*Activity*
For this listing, reproduce the line with "Det smukke terrasseområde", the line with "Black/white/gold Jordan Max", and the lines between, exactly as they stand. Leave out pictures and all other lines.

*Material provided*
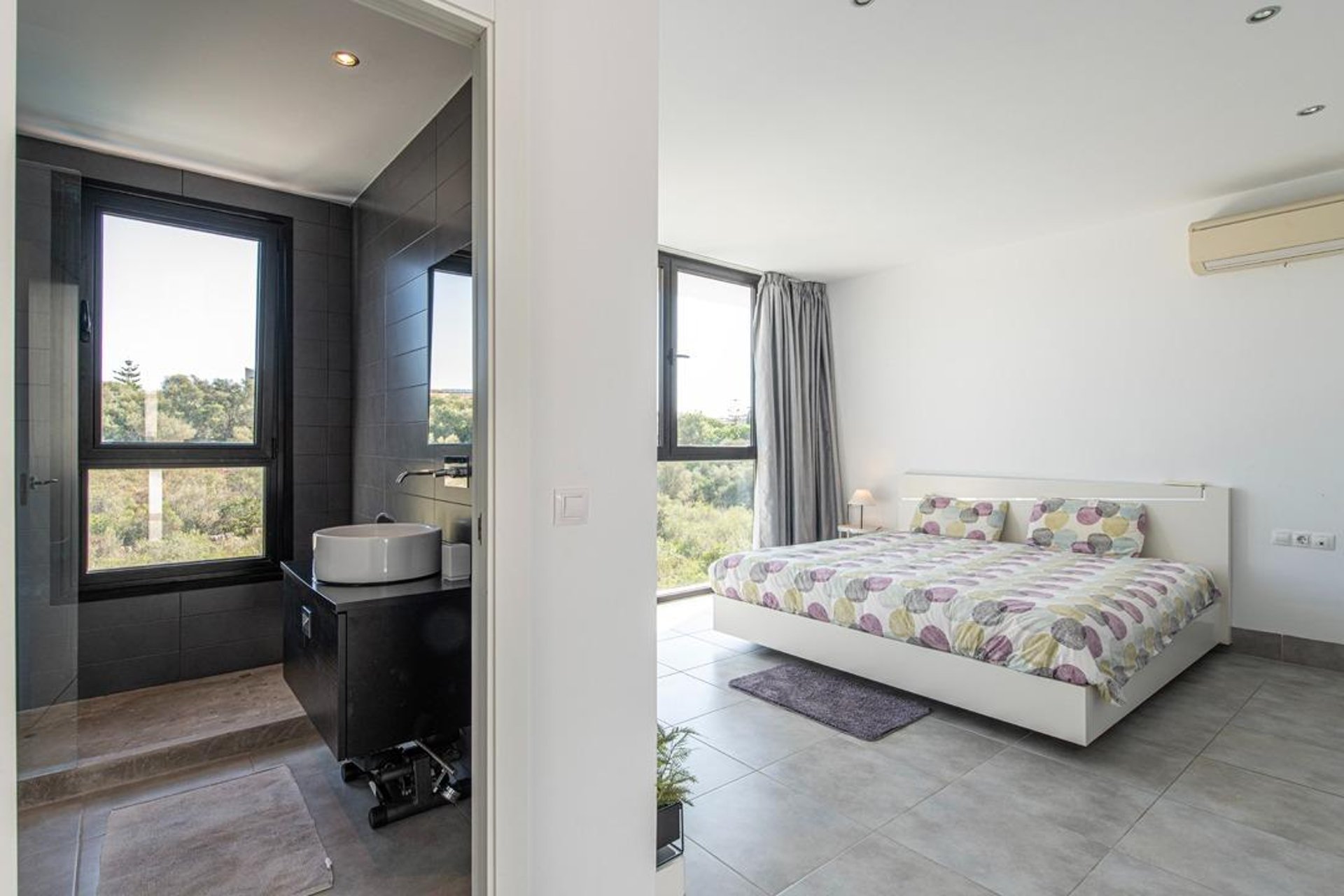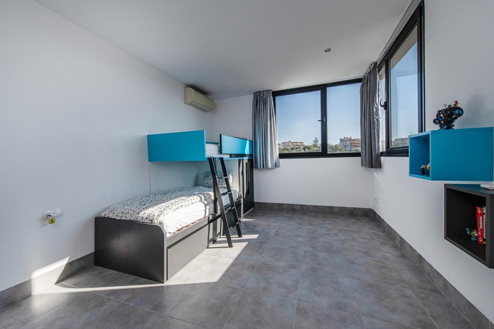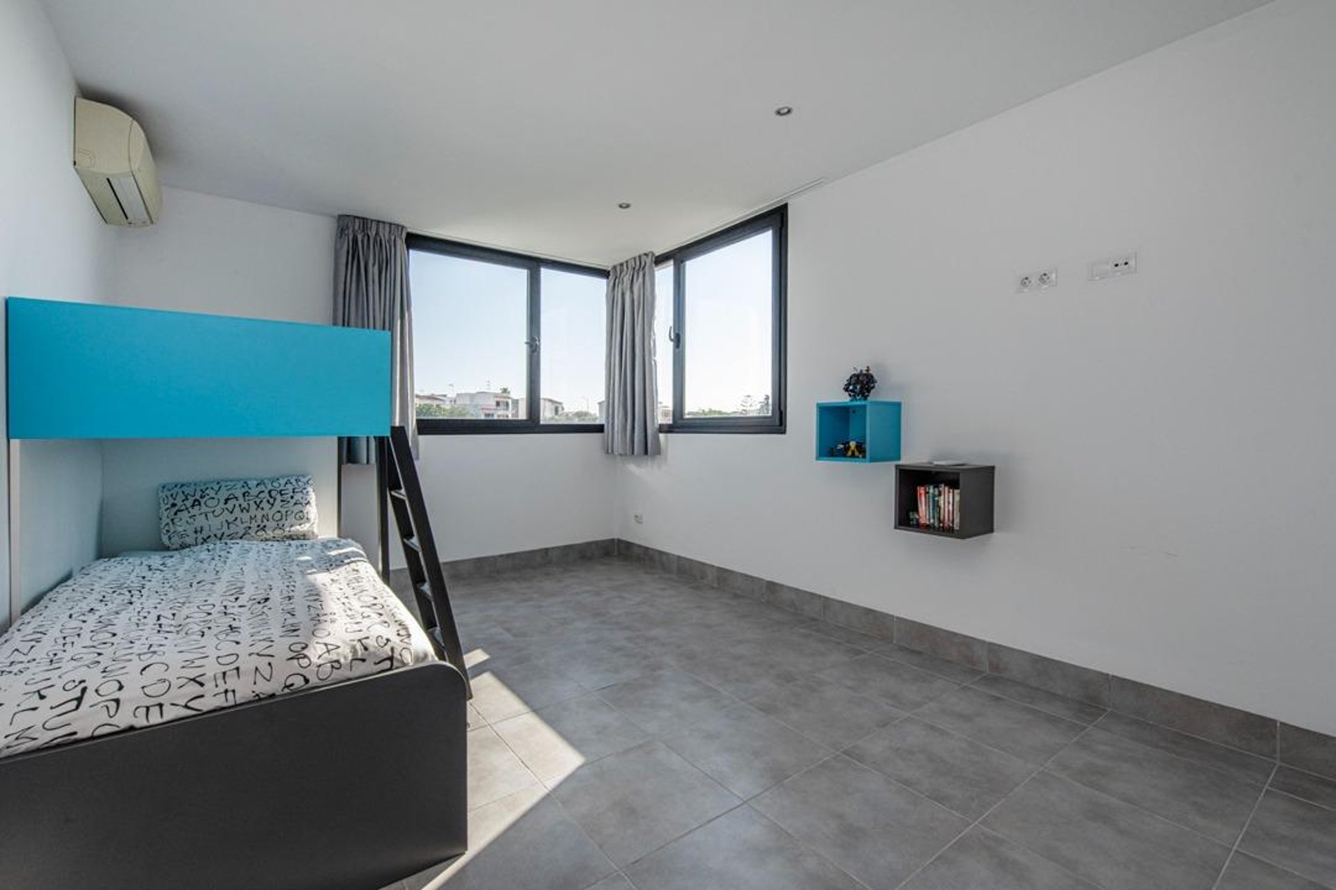 The property features three bedrooms: one double and two singles, all with good natural light and double-glazed PVC windows. The master bedroom, located on the first floor, includes an en-suite bathroom, while the other two bedrooms on the second floor share a second full bathroom. There is also a guest toilet on the ground floor—ideal when entertaining. Each room has hot/cold air conditioning, ensuring comfort throughout the year. Additional features include tiled floors, thick insulated walls, and a water softener system.
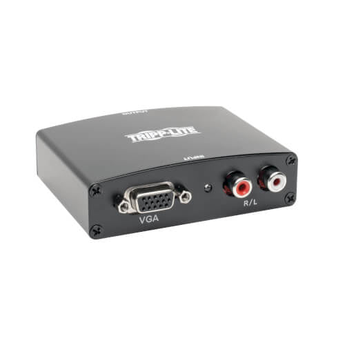 Tripp Lite's P116-000-HDMI VGA + Audio to HDMI converter is the perfect solution for using your older laptop or PC with your new HDMI display. Simply connect your computers VGA and Audio ports to the converter, and the converter to the HDMI port on your display, and you are ready to go. No software or drivers required. If your computer has only a 3.5 mm. Mini Stereo Audio jack, connect it to the converter using a 3.5 mm. to RCA adapter cable such as Tripp Lite's P314-006. You can also convert the RGB Video and Stereo Audio signals on your DVD player, DVR, etc., for use on your HDMI display (Component Video to VGA adapter required) Furthermore, you reduce your equipment costs by eliminating the need to upgrade your computer's video card. The P116-000-HDMI supports HD video resolutions up to 1080p, and computer video resolutions up to 1280 x 1024. Supports 24-bit True Color (8-bits per channel), and HDCP compliant. - Connect your VGA laptop or PC to a HDMI display to enjoy high definition video and audio - Convert the RGB Video and Stereo Audio signals from your DVD player, DVR, etc., for use on a HDMI display (Component Video to VGA adapter required) - Plug-and-Play, no software or drivers required - Supports HD video resolutions up to 1080p, and computer video resolutions up to 1280 x 1024 - Supports 24-bit True Color (8-bits per channel) - Reduce equipment cost by eliminating the need to update your computer's video card - HDCP compliant
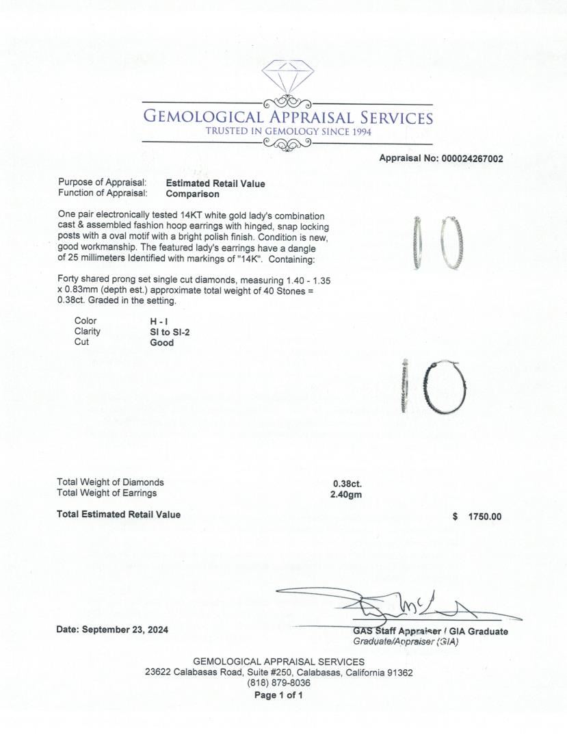 This pair of 14KT white gold hoop earrings features a sleek, oval motif with a dangle of 25mm. It is adorned with forty prong-set single cut diamonds totaling 0.38ct, with H-I color, SI-1 to SI-2 clarity, and a good cut. The total weight of the earrings is 2.40 grams.
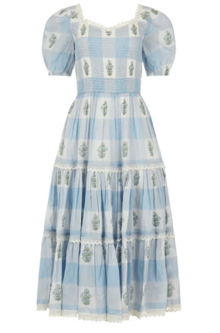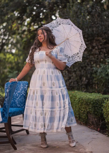 The Felicia Dress is the epitome of timeless charm with its soft blue gingham pattern and delicate floral embroidery. Featuring a smocked bodice, puff sleeves, and tiered skirt, it offers a comfortable yet flattering fit. Finished with lace trim accents, this dress brings a touch of vintage-inspired elegance to everyday wear. Perfect for garden strolls, brunches, or countryside escapes.
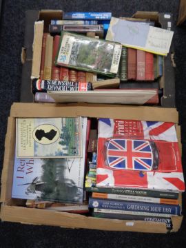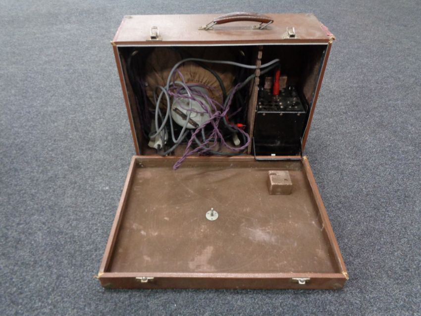 Five boxes of holdalls, books, typewriter, glass bowl, china, cased vintage speaker
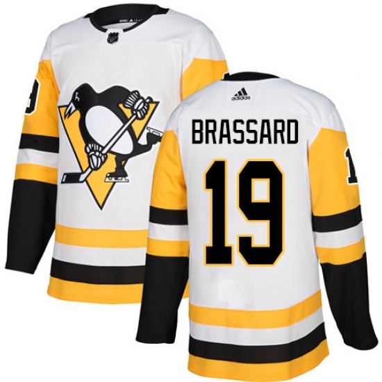 >Youth Adidas Pittsburgh Penguins #19 Derick Brassard Authentic White Away NHL Jersey
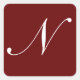 N Monogram White on Dark Red Quadratischer Aufkleber
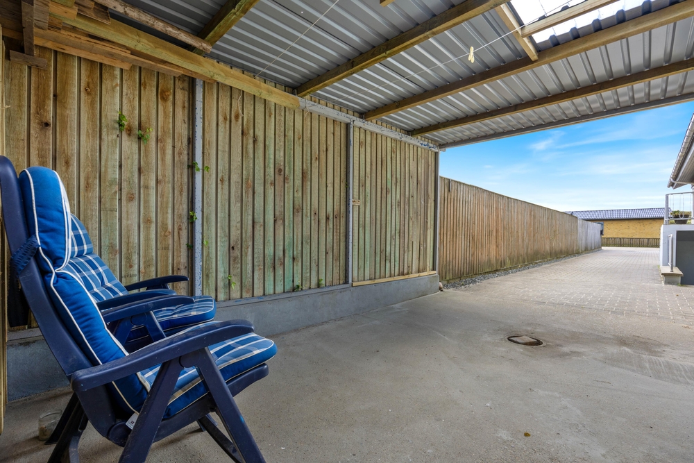 Det smukke terrasseområde er ideelt for hundeejere eller småbørnsfamilier, da man trygt kan lade de små færdes der. Her kan du altid finde en rolig plet til en kop kaffe i den friske luft. Komfortable havemøbler og liggestole står til din rådighed. Du kan parkere din bil i carporten. Om aftenen er en lækker BBQ på grillen en god måde at afslutte dagen på.
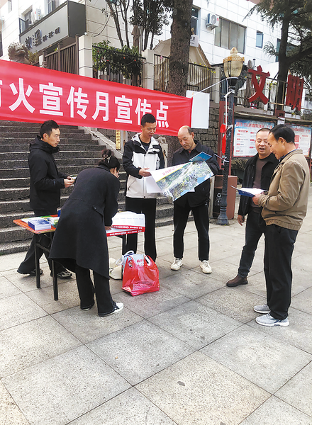 11月以来,柞水县各镇(街道)、村组及县森林防灭火指挥部工作人员采取宣传车、村(社区)广播、无人机空中宣传等方式,在全县开展森林防火宣传,营造出浓厚的森林防火宣传氛围。图为11月12日县林业局工作人员向群众发放防火宣传单。(本报通讯员 舒宗锋 摄)
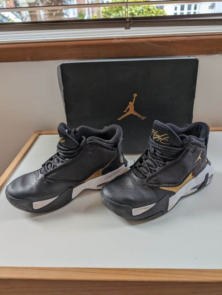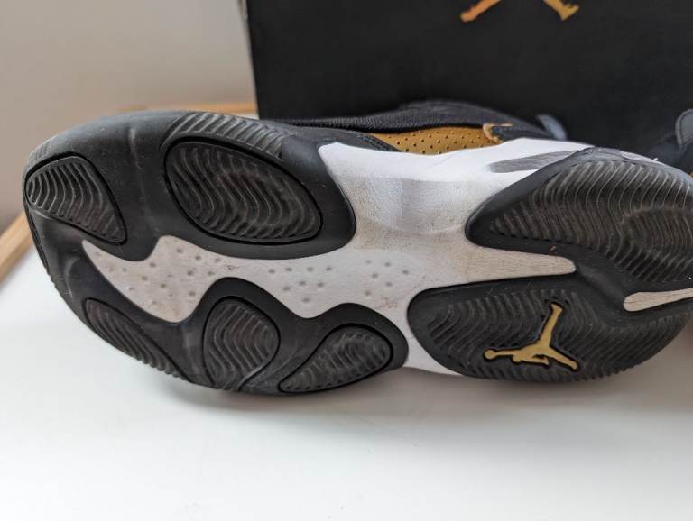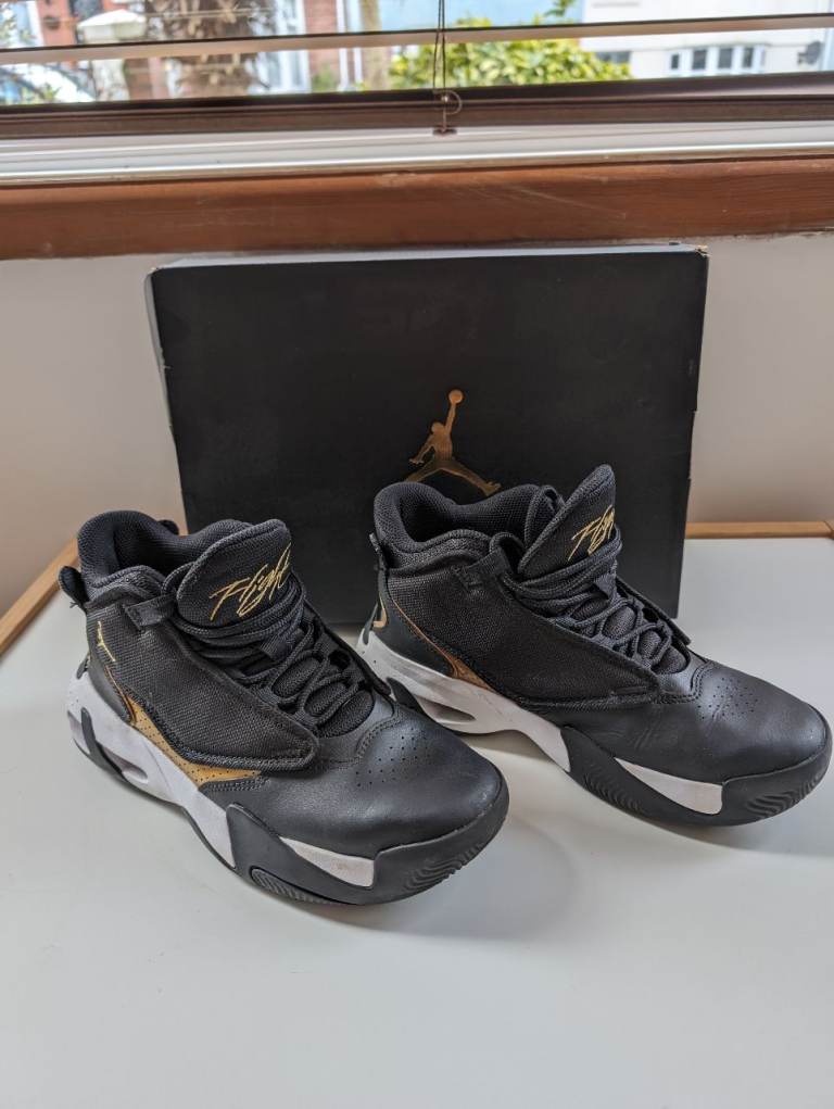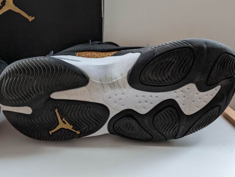 Black/white/gold Jordan Max Aura in excellent condition. Only worn a few times before outgrown. A few scuff marks as shown in the pictures. With original box.
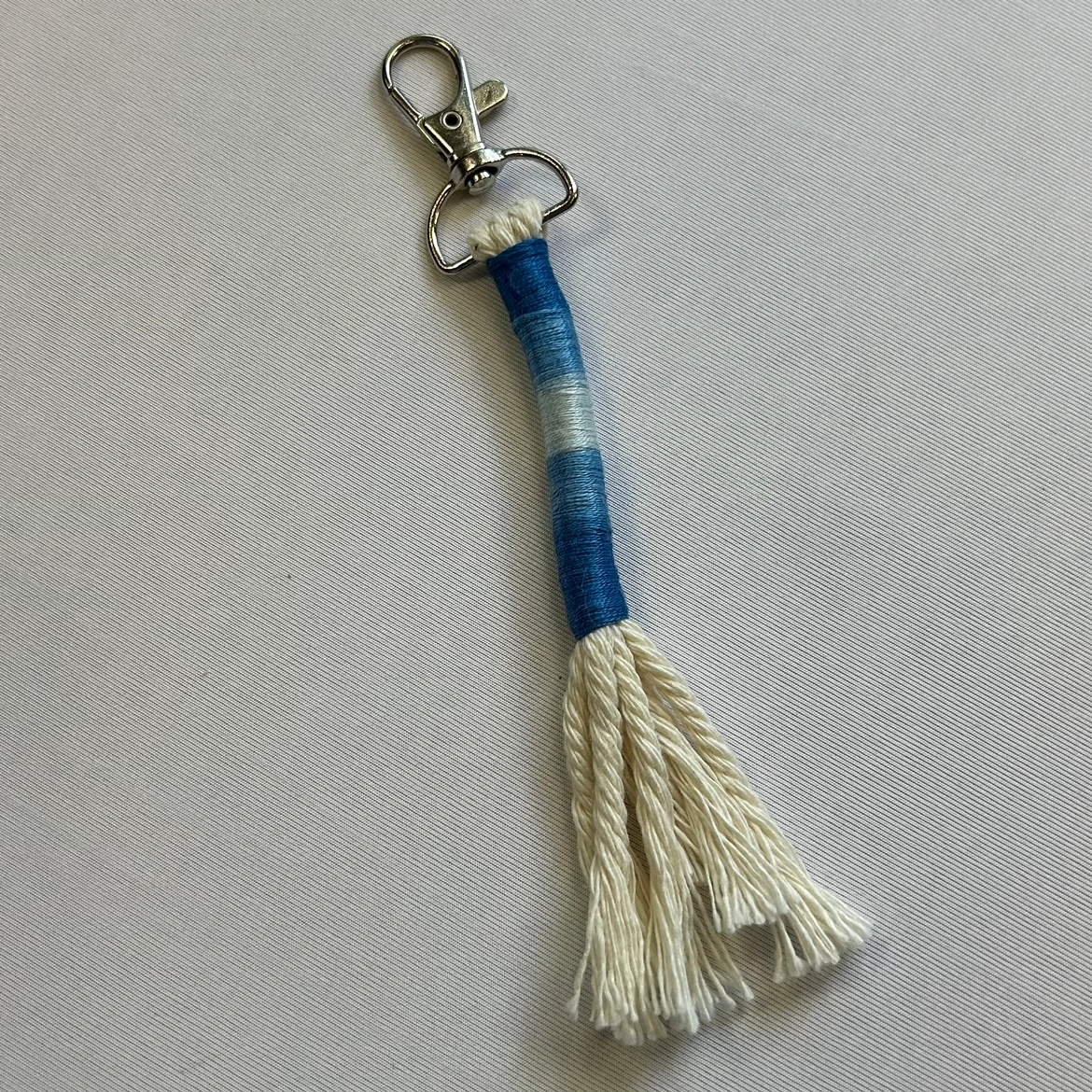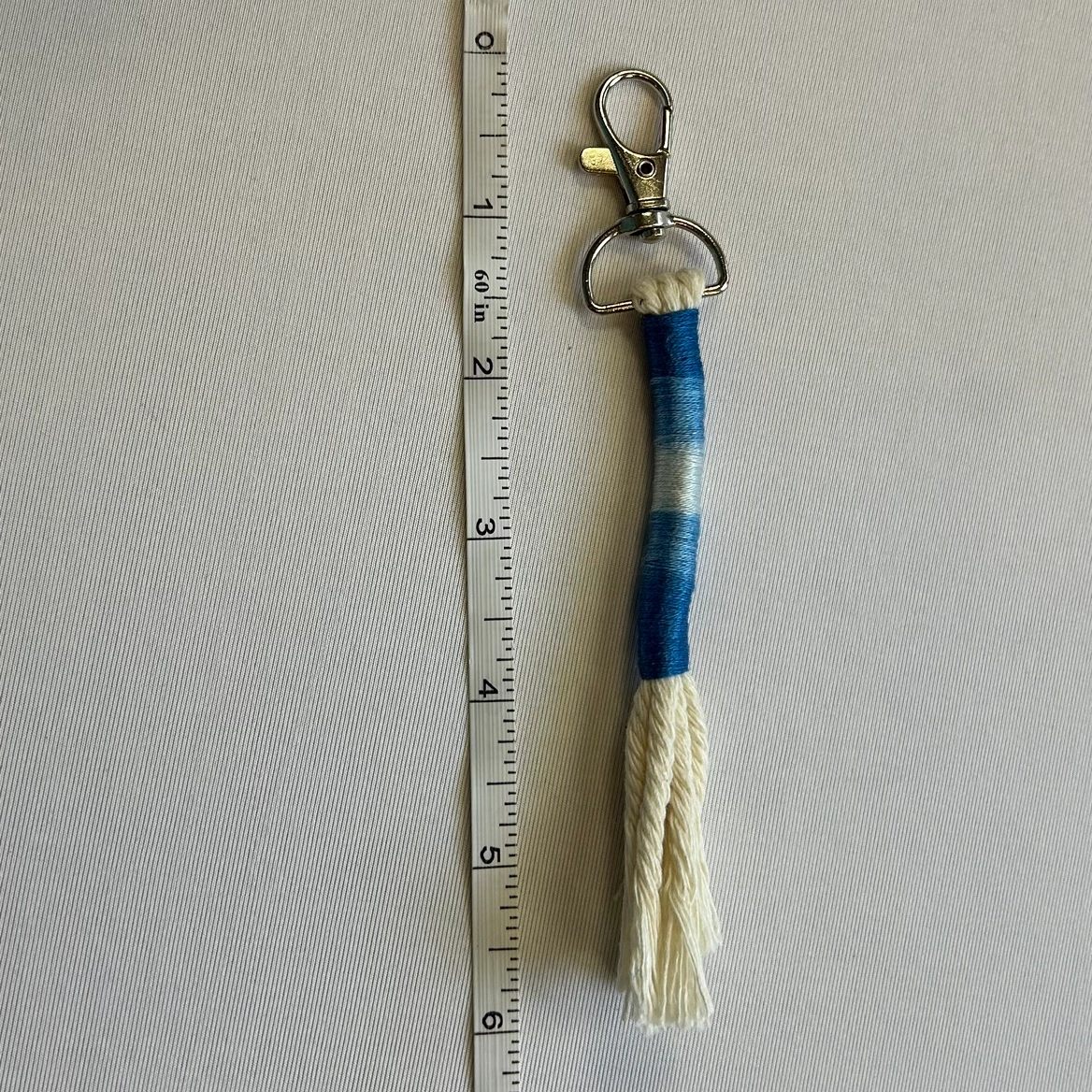 New with tag! Handmade Ombre blue macrame keychain tassel. Lobster claw closure. New never used. See photos for measurements. Cross posted.

*Solution to this task*
 Det smukke terrasseområde er ideelt for hundeejere eller småbørnsfamilier, da man trygt kan lade de små færdes der. Her kan du altid finde en rolig plet til en kop kaffe i den friske luft. Komfortable havemøbler og liggestole står til din rådighed. Du kan parkere din bil i carporten. Om aftenen er en lækker BBQ på grillen en god måde at afslutte dagen på.
 11月以来,柞水县各镇(街道)、村组及县森林防灭火指挥部工作人员采取宣传车、村(社区)广播、无人机空中宣传等方式,在全县开展森林防火宣传,营造出浓厚的森林防火宣传氛围。图为11月12日县林业局工作人员向群众发放防火宣传单。(本报通讯员 舒宗锋 摄)
 Black/white/gold Jordan Max Aura in excellent condition. Only worn a few times before outgrown. A few scuff marks as shown in the pictures. With original box.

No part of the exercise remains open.